TASK GOAL: Find the line with "- pulpit Odpracowania" in the entries below, then output every line from it down to the line with "ビーチサンダル 厚底 ミュール", exactly and with no pictures.

ENTRIES PROVIDED:
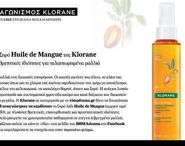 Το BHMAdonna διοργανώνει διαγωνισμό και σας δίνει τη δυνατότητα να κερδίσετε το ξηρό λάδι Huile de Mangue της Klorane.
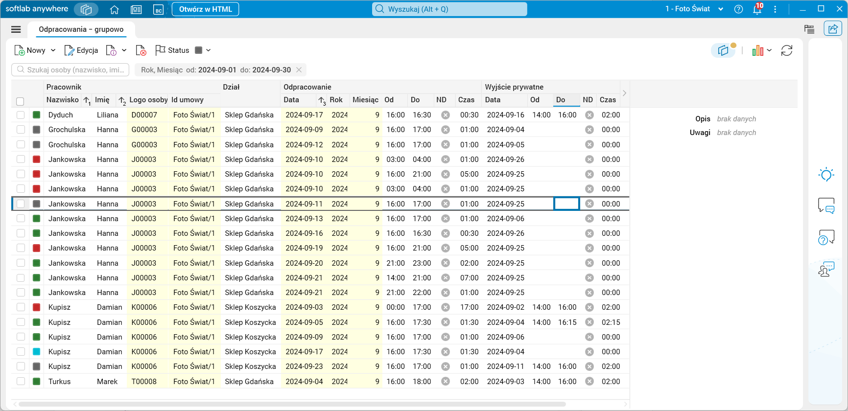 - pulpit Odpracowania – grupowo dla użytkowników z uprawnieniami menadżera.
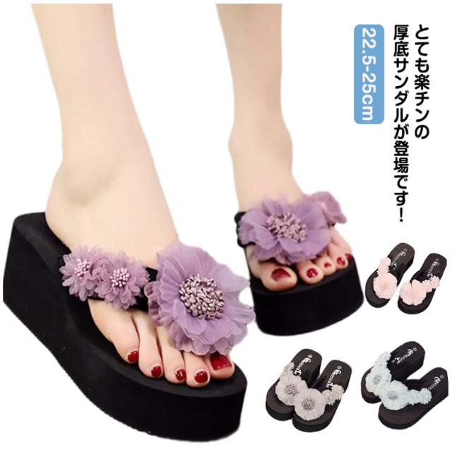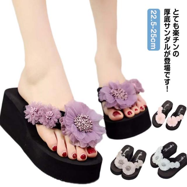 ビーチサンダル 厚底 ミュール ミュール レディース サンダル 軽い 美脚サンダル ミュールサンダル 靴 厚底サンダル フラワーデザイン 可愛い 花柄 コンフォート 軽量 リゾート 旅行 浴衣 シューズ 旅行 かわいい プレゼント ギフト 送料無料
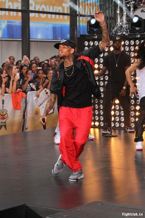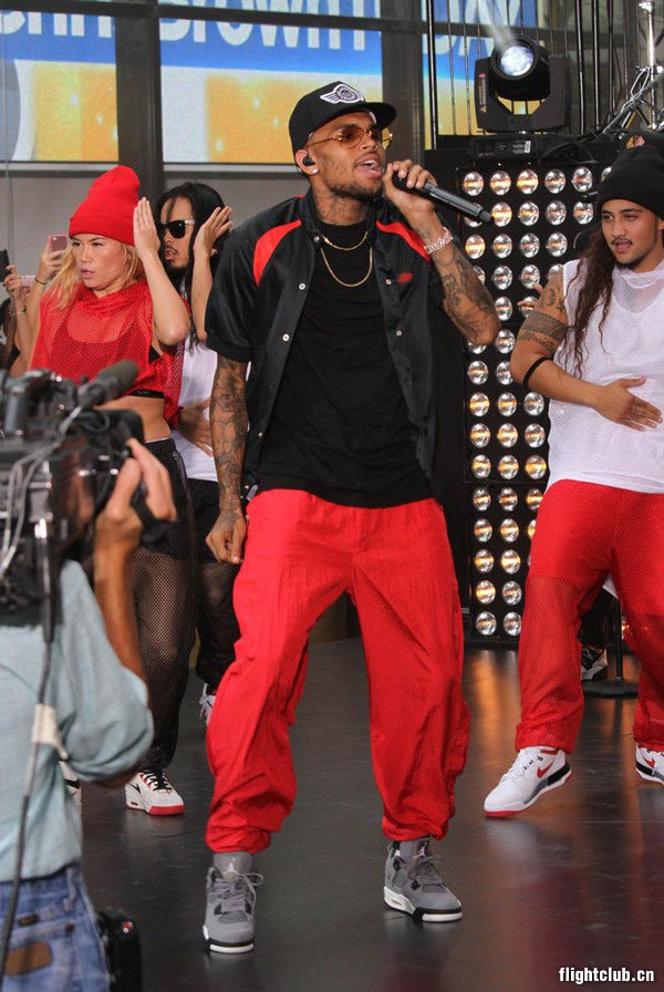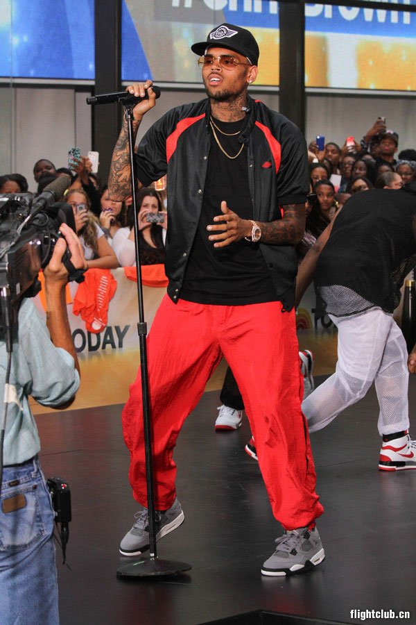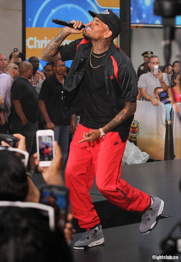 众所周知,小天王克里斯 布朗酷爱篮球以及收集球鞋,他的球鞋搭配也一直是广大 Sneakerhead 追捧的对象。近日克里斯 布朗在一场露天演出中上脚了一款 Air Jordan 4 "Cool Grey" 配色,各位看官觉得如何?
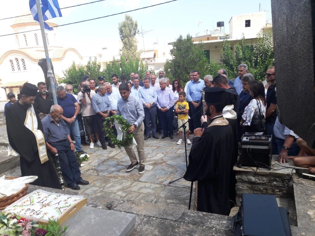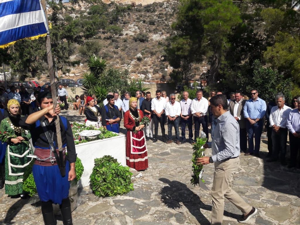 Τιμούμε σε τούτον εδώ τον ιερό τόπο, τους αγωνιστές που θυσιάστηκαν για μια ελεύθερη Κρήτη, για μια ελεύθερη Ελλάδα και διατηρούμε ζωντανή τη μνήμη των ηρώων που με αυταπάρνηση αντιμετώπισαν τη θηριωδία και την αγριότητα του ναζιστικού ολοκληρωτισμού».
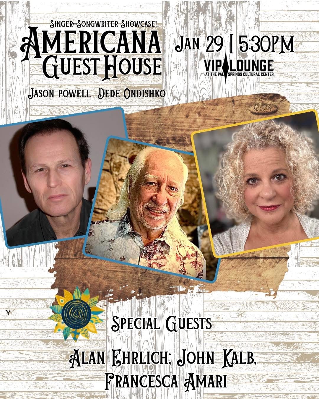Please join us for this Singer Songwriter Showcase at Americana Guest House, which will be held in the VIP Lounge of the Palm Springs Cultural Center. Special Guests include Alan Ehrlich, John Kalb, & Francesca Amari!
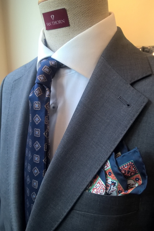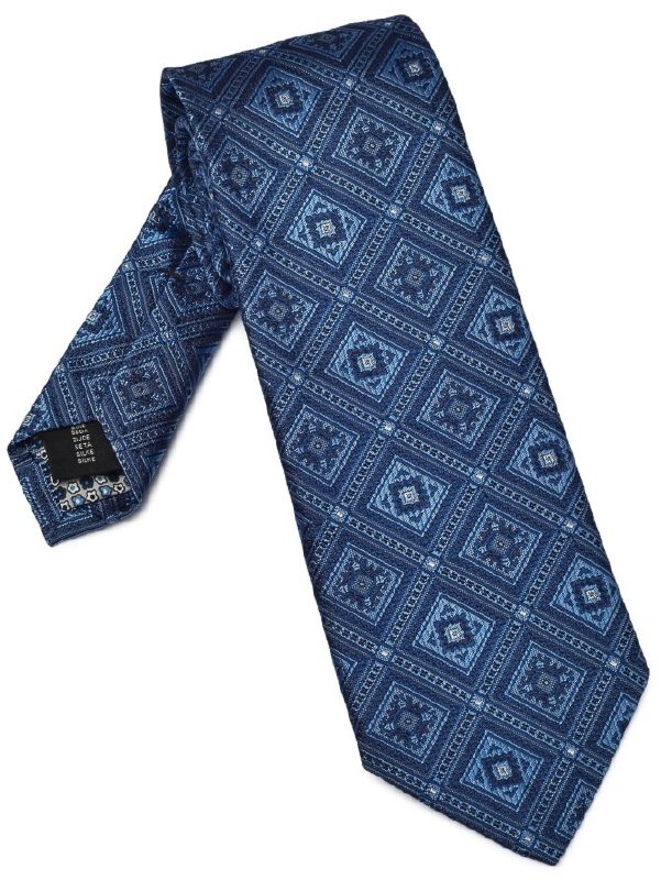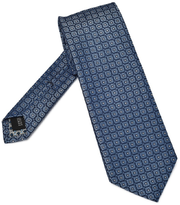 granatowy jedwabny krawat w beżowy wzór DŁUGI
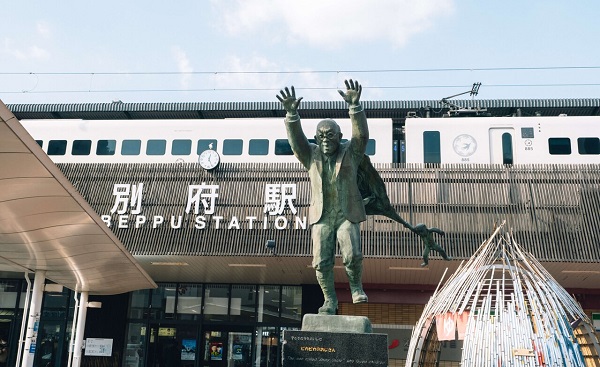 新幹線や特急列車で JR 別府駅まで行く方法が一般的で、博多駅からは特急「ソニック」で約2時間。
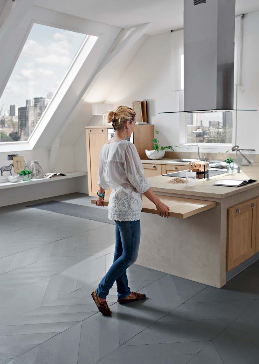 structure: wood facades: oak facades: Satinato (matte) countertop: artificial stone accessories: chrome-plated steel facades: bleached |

---

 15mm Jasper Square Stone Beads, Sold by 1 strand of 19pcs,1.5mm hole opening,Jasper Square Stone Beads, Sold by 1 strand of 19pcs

EXERCISE OUTPUT:
 - pulpit Odpracowania – grupowo dla użytkowników z uprawnieniami menadżera.
 ビーチサンダル 厚底 ミュール ミュール レディース サンダル 軽い 美脚サンダル ミュールサンダル 靴 厚底サンダル フラワーデザイン 可愛い 花柄 コンフォート 軽量 リゾート 旅行 浴衣 シューズ 旅行 かわいい プレゼント ギフト 送料無料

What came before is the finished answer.